Bien, ha llegado el momento de hacerte una confesión. Hace un año y medio Arnold empezó a trabajar para mí, y pronto llegó a ser mi principal asistente. Es brillante, y es malo. Debes interpretar malo según lo usábamos en Radcliffe, como una debilidad. Cuando lo aplicábamos a un amigo varón, significaba que era homosexual. Arnold (y no debes jamás repetir esto) oculta cuidadosamente sus predilecciones. Dice que desde que ingresó en la Compañía decidió renunciar al sexo, pero yo no le creo. Aun así, él lo jura. Supongo que debe hacerlo. Al parecer, en la escuela secundaria era bastante marica. Difícil de imaginar.

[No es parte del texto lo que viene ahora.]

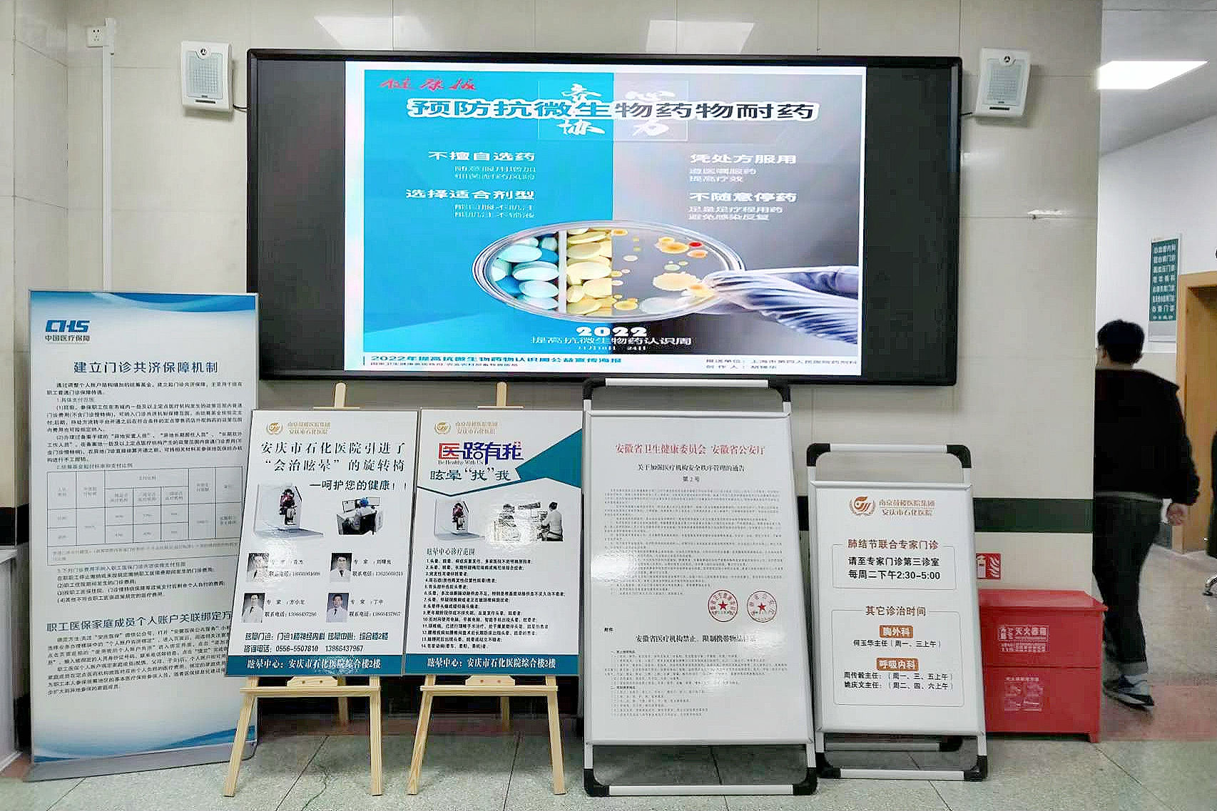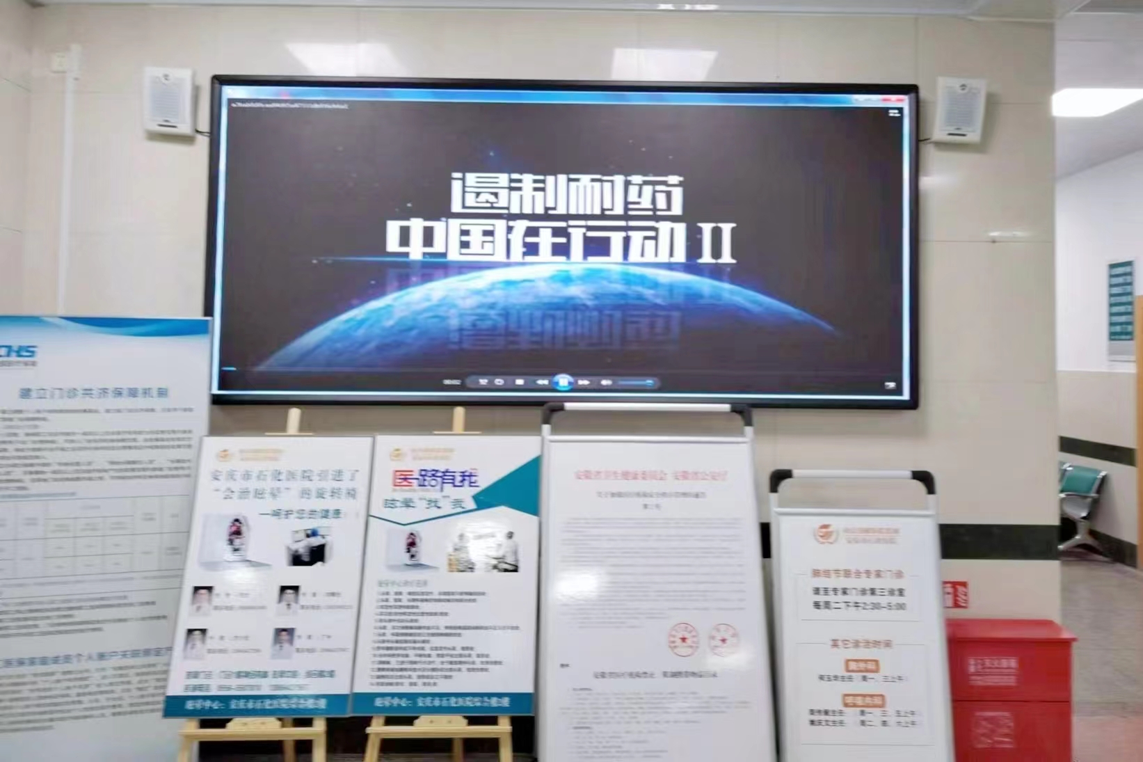 利用門診候診大廳顯示屏全天候滾動(dòng)播放“2022年提高抗微生物藥物認(rèn)識(shí)周”宣傳海報(bào)和視頻。
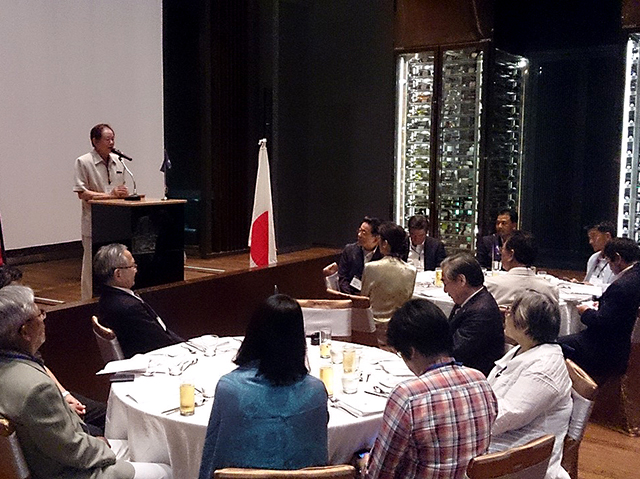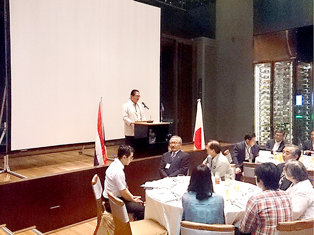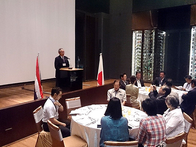 2日目はそれぞれ申し込んだオプショナルツアーを楽しみ、午後18:30から泰国千里会との合同交歓会を開催した。一行27人に加えて、泰国千里会メンバー15名、現地合流の校友3名、オプショナルツアーで見学した会社「エムテック」の研究者2名、そして、大学からの来賓として国際部副部長の田村 裕化学生命工学部教授、計48名が一堂に会した。
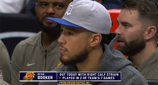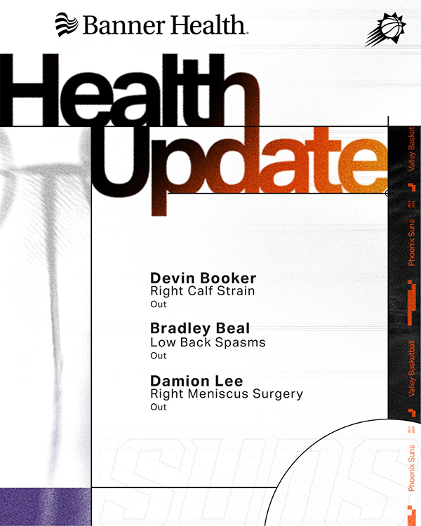 对阵活塞赛前,太阳官方宣布,布克(右小腿拉伤)、比尔(腰部痉挛)和达米恩-李(膝盖受伤)都因伤缺阵,而杜兰特没有出现在伤病报告中,继续单核带队出战。
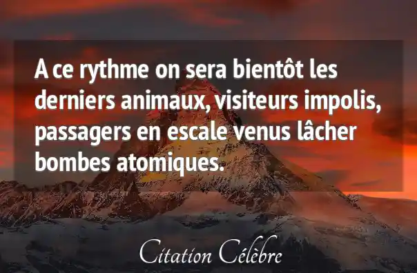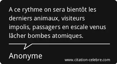 A ce rythme on sera bientôt les derniers animaux, visiteurs impolis, passagers en escale venus lâcher bombes atomiques.
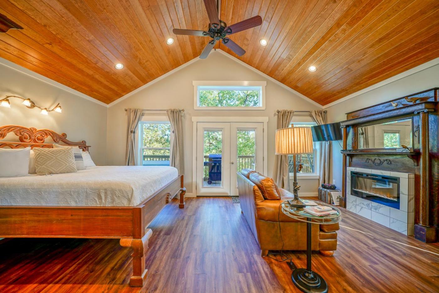Deluxe King Room. Guests will have a special experience as this double room offers a hot tub and a fireplace. Guests will find a stovetop, a refrigerator, kitchenware and a microwave in the well-equipped kitchen. The double room also comes with a barbecue. The spacious double room features air conditioning, a private entrance, a balcony with mountain views as well as a private bathroom boasting a shower. The unit has 2 beds. ;

En ese tiempo habrá usado gafas, habrá sido el estudiante elegido para pronunciar el discurso de despedida de su promoción, cargado de honores y distinciones. Pero, según él, una parte de su ser se inclinaba hacia la degradación, el envilecimiento. Cuando se lo conoce (y deja de lado esa admiración de perro faldero que solía demostrar hacia Hugh) es un curioso perverso y muy gracioso. Cuando le pregunté cómo logró pasar el detector de mentiras durante el ingreso, me dijo:

—Querida mía, nosotros sabemos hacerlo. Es parte de nuestra ciencia.

—Pero, ¿cómo? —insistí.

—No puedo decírtelo. Podría ofender tu sentido del decoro.

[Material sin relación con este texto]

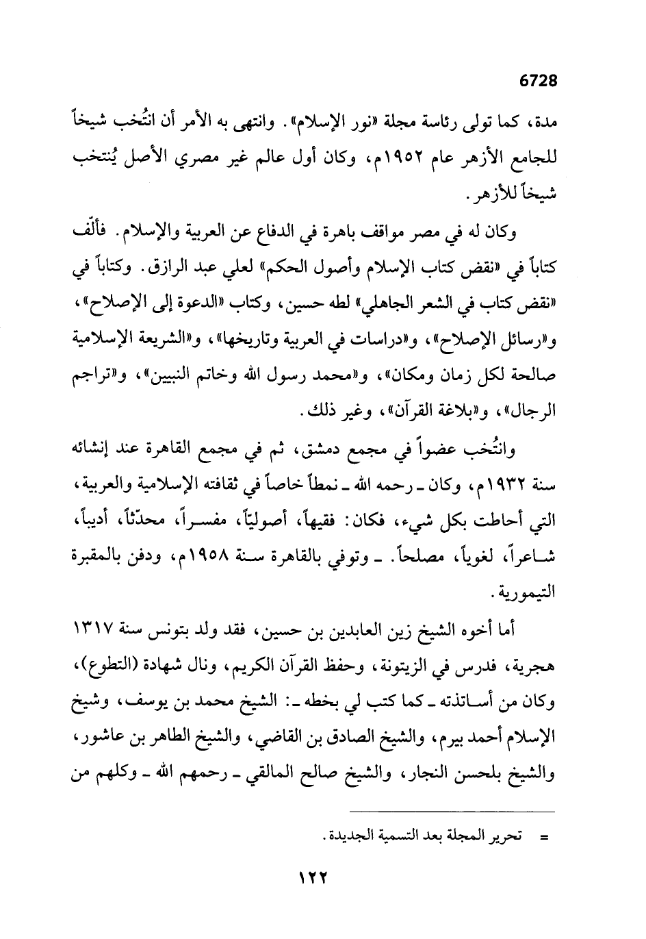 وانتُخب عضواً في مجمع دمشق، ثم في مجمع القاهرة عند إنشائه سنة 1932 م، وكان -رحمه الله- نمطاً خاصاً في ثقافته الإسلامية والعربية، التي أحاطت بكل شيء، فكان: فقيهاً، أصوليّاً، مفسراً، محدّثاً، أديباً، شاعراً، لغوياً، مصلحاً.- وتوفي بالقاهرة سنة 1958 م، ودفن بالمقبرة التيمورية.
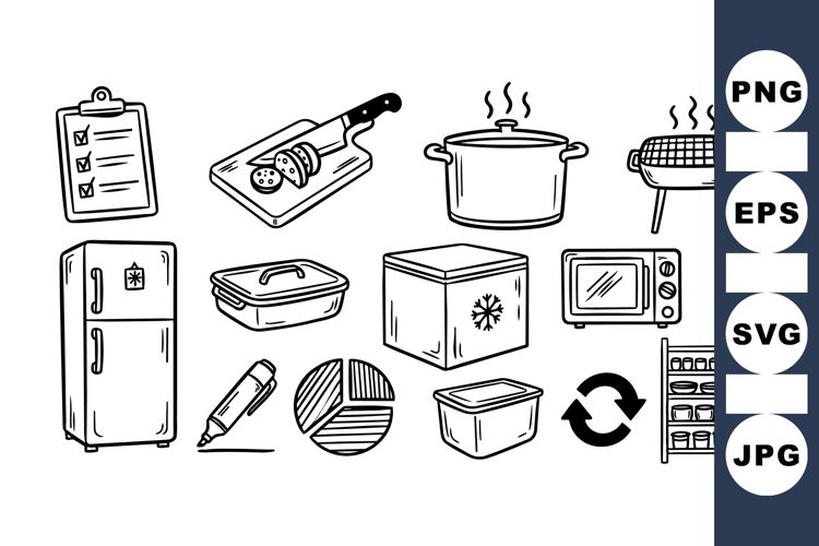Meal Prep Clipart Hand Drawn Kitchen Kitchenware Illustration Kitchen Appliance Clipart Cooking Utensil Set Black And White Kitchen Recipe Clipart Bundle Food Container Graphics Kitchen Cooking Icons Home Cooking Set
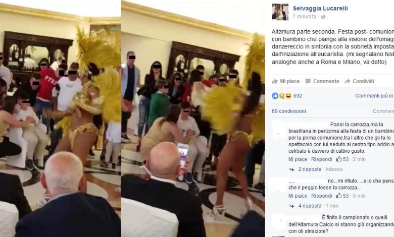 Selvaggia alla riscossa su Facebook. Dopo il commento che l’opinionista più discussa della TV aveva lanciato sul social circa l’immagine di una ragazzina di Altamura accompagnata in chiesa su di un “sobrio” calesse durante la sua prima comunione, e che aveva sollevato critiche e polemiche sul web, la graffiante Lucarelli torna a colpire ancora. E sempre ad Altamura. Questa volta prende di mira la foto scattata durante il post-comunione di un bambino, al quale qualcuno ha pensato bene di regalare una spettacolare esibizione di brasiliane in perizoma:

—No tengo ningún sentido del decoro —le dije. —Kittredge, eres la persona más inocente que conozco.

—Dímelo —volví a insistir.

—Querida mía, comemos muchas alubias.

—¿Alubias?

No entendía qué quería decir. En absoluto.

—Una vez que sabes cuándo te harán la prueba, el resto es sólo una pequeña incomodidad. Comes un buen plato de alubias.

Le di un golpe en la mano.

—Arnie, eres un mentiroso psicopático.

—No lo soy. Mientras te hacen las preguntas, no piensas más que en los intestinos. A tu mente le da igual que digas o no la verdad cuando su principal preocupación es controlar el esfínter. Te diré que el examinador se enfadó muchísimo conmigo. «No hay caso. Usted es uno de ésos que viven bajo una tensión general.» «Lo siento, señor —le dije—, debe de ser algo que comí.»

Harry, es un verdadero demonio. Si no hubiera pensado antes en Alfa y Omega, Arnie Rosen me lo habría sugerido. Tiene dos personalidades distintas: la que supongo tú conoces, y esta otra, totalmente diferente para mí. Creo que Hugh lo hizo ingresar en mi grupo para que tuviera por lo menos a un tipo inteligente. Por cierto, despierta mi desmedida curiosidad por algunas de las extrañas personas con las que me cruzo en los pasillos. Rosen está lleno de rumores acerca de lo que pasa a nuestro alrededor. «Kittredge, percibe el aura que emana de esa puerta cerrada. ¡Es la guarida de Drácula!»

Lo acepto. Creo en eso. Pero después me pregunto si no seré hipersensible al ocultismo. (Como recordarás, el verano pasado topé con el fantasma de Augustus Farr en la Custodia, y, según mi febril recuerdo, cojeaba como Allen en un mal día. Ja, ja, ja.)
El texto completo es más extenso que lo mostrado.